A Marriage Penalty Still Applies for High Earners and Very Low Earners
While the recently passed Tax Cut and Jobs Act (TCJA) eliminates the marriage penalty for many couples, some couples will see still this penalty.
What is a marriage penalty? Couples incur a marriage tax penalty when their combined income results in a larger tax bill than if each had filed as a single taxpayer and totaled their individual income taxes.
Some couples also get a marriage bonus
What is a marriage bonus? A tax bonus can happen when two individuals with unequal incomes marry. If a high-income individual marries a low-income individual, the couple can get a smaller tax on their combined income compared to the total tax they would pay if each filled as a single taxpayer.
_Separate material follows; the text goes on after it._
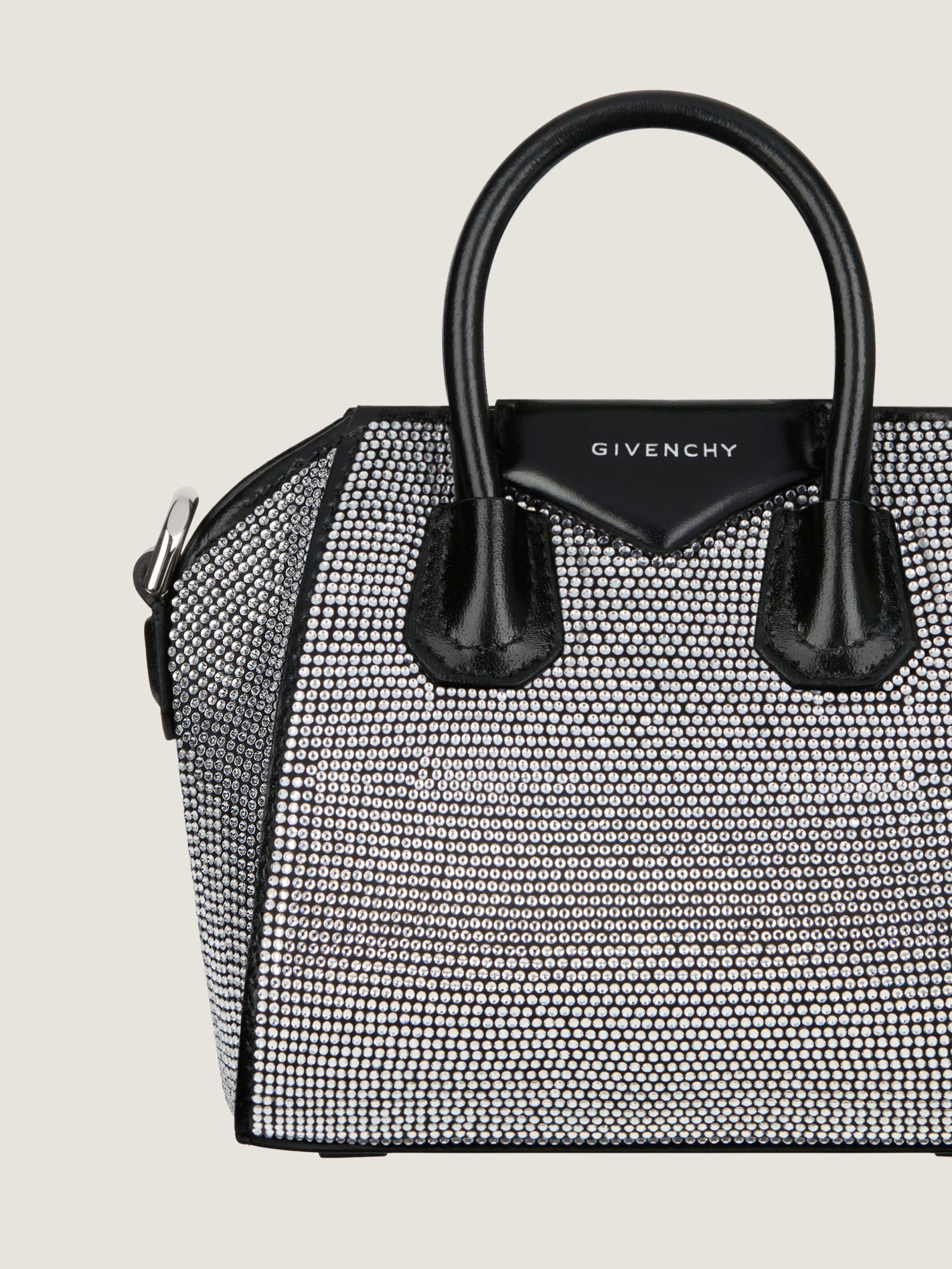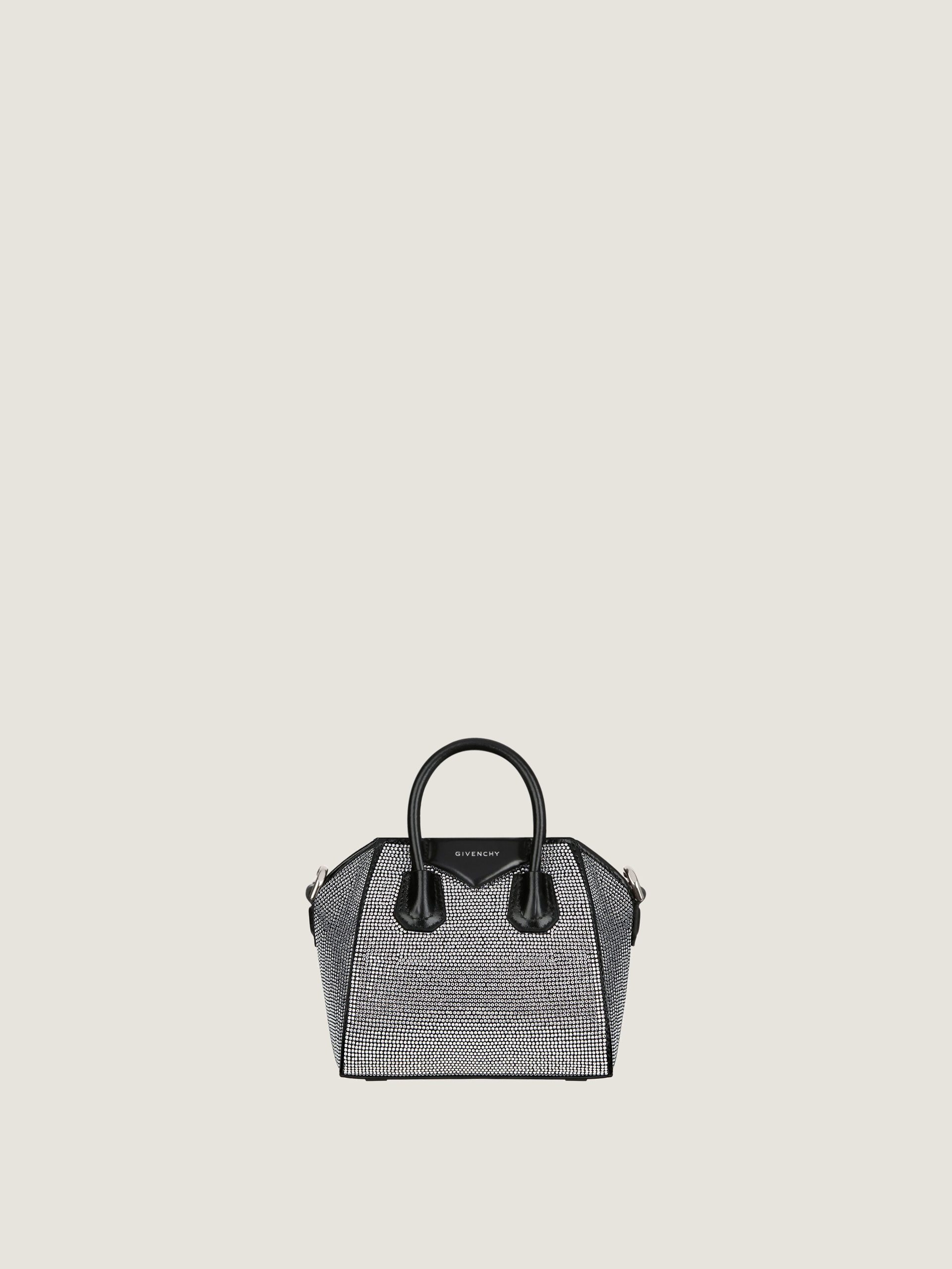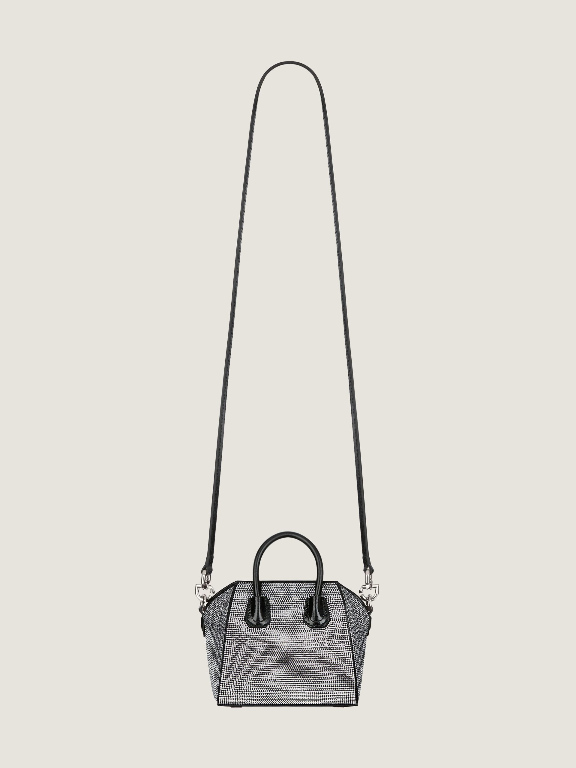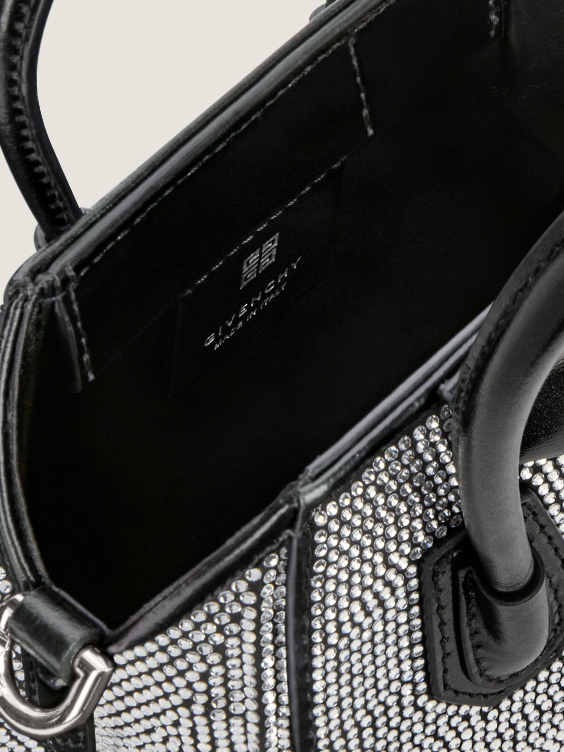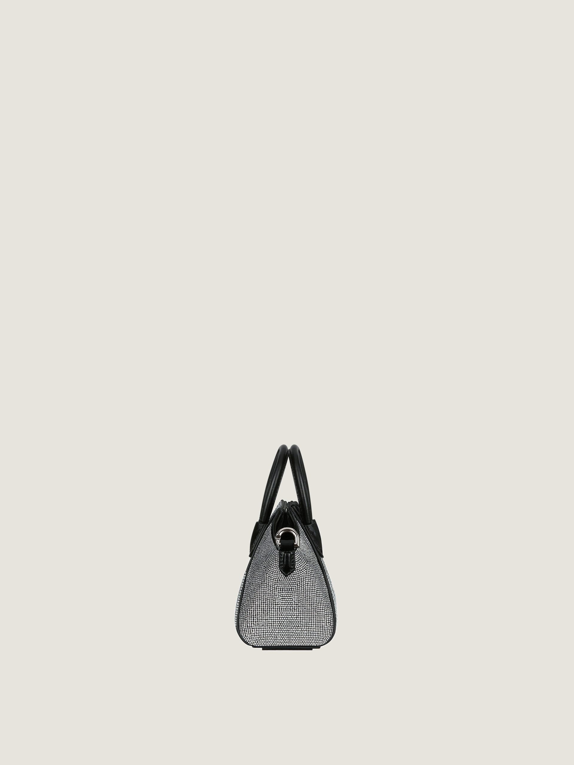 - Micro handbag or crossbody bag in satin covered with all-over strass.

How the TCJA affects the marriage penalty and bonus
The TCJA did not specifically address the marriage penalty. The act did not reform taxes it just cut some individual and corporate taxes. The tax cuts for individuals occur due to the new regulation’s changes to the tax brackets and standard deductions.
The Washington DC-based Tax Foundation crunched numbers and discovered that only high-income and very low-income married couples will incur a marriage penalty. At this link, you can read the Tax Foundations complete analysis of the marriage penalties and bonuses under the TCJA.
High-income couples earning jointly more than $400,000, get a marriage penalty due to the new law’s tax bracket changes. In the past, even moderate-income tax filers received a marriage penalty. Now the tax law has effectively eliminated the marriage penalty except for those with higher income.
Some very low-income couples also take a tax hit with TCJA
Married low-income couples can see a marriage penalty due to the Earned Income Tax Credit (EITC). When low-income individuals marry and they combine their income, they may discover that their combined income pushes them into the phase-out range. The phase-out means the couple no longer gets the full EITC deduction. Under the TCJA, the EITC phase-out range starts at an income of $21,000 for couples and $15,000 for singles. You can read more about the EITC at this link.
Number of Children Can Affect Low-Income Couples Taxes
The number of children in the household will also affect the low-income couples’ tax bill under TCJA. According to the Tax Foundation, a very low-income couple with one child can incur a marriage penalty of $600.
This happens for two reasons. First, after marriage, the couple reduces the “head of household” exemption by one. If each spouse filed as a single taxpayer, the tax regulations would recognize each as a head of household, which results in a larger standard deduction and a wider tax bracket. After marriage, the couple only receives one “head of household” designation and they incur a higher taxable income as a result.
This higher taxable income creates the second reason for the couple’s marriage penalty. With a higher income, they can no longer take full advantage of the EITC and pay a higher tax as the result.
TCJA Provides a Marriage Bonus for some taxpayers
Due to the compression of the tax brackets under the TCJA, couples with widely different incomes can see a tax reduction after marriage. The Tax Foundation provides the example of a $20,000-income earner marrying a $60,000-income earner. In this situation, the couple will end up paying about $31 less in taxes after marriage compared to their combined tax bill if they filed as single filers.